Your brain has some 600 trillion - 4 quadrillion synapses, links between neurons. Each neuron is like a computer chip, connected to some 3,500 -4,000 other neurons by long, slender wires called axons with a synaptic endplate. That synapse is where the electrical impulse that travels down the axon is converted into a chemical message through neurotransmitters that are secreted in little packets into the space between the two neurons called the synaptic cleft. We now know that plasmalogen lipids make up some 70% of the membranes of the synapse. Plasmalogen lipids are the only membrane lipids that can shape-shift, allowing the vesicles filled with neurotransmitter to merge with the endplate of the synapse and disgorge their contents into the synaptic cleft. That's how neurons work. Memories are composed of complex webs of neurons utilizing thousands of synapses between them.

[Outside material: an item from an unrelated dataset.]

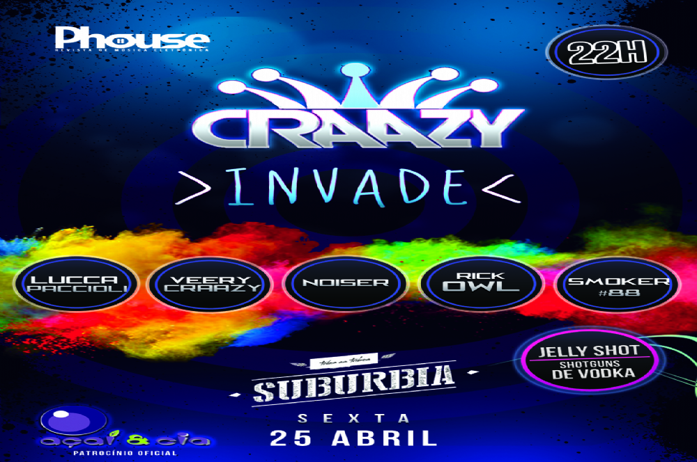 Aracaju recebe mais um evento da e-music, Craazy Invade que promete continuar o sucesso das cinco edições anteriores. O festival tem como objetivo trazer temas diferenciados e inovadores e agradar o maior número de pessoas. A festa acontece sexta-feira, 25, no Suburbia, a partir das 22h e no comando das pick ups os DJs Veery Craazy, Lucca Paccioli, Noiser, Rick Owl, Smoker#88, além das apresentações dos violinistas Rafael Gonçalves e Micaeli Bispo. A noite ainda conta com a performance de Ana Thais Santiago. Os ingressos estão sendo vendidos nas lojas Pipeline (shopping Riomar) e Litoral 655 (shopping Jardins). Mais informações através do telefone (79) 8828-9361

This column reported earlier this year on a study from Yale where a novel imaging technique demonstrated that the density of synapses correlates with cognitive function. This validates Goodenowe's research that shows the loss of plasmalogens is predictive of cognitive decline and mortality. You lose plasmalogens, you lose synapses. Your brain shrinks. You lose memories. We call that Alzheimer's.

What's the reverse? How do we make memories? Ah! That's what this study showed. In mouse brains, using a novel method of examining one synapse at a time, the researchers at MIT were able to approximate that roughly a third of synapses (in mouse brains) are actually immature, "filopodia" that are not yet active. They are just out there, waiting to be activated. They already have NDMA receptors in them, but not AMPA receptors. For a synapse to work, it must have both. They start as tiny little branches called dendrites off of axons that are everywhere in the brain in great numbers, as much as 30% of the brain content. You don't want a mature synapse to be altered by new inputs because you want old memories to stay preserved. But you do want a new memory to make a link, and then to be reinforced and made more durable on exposures. That's exactly what this model allows. Very elegant.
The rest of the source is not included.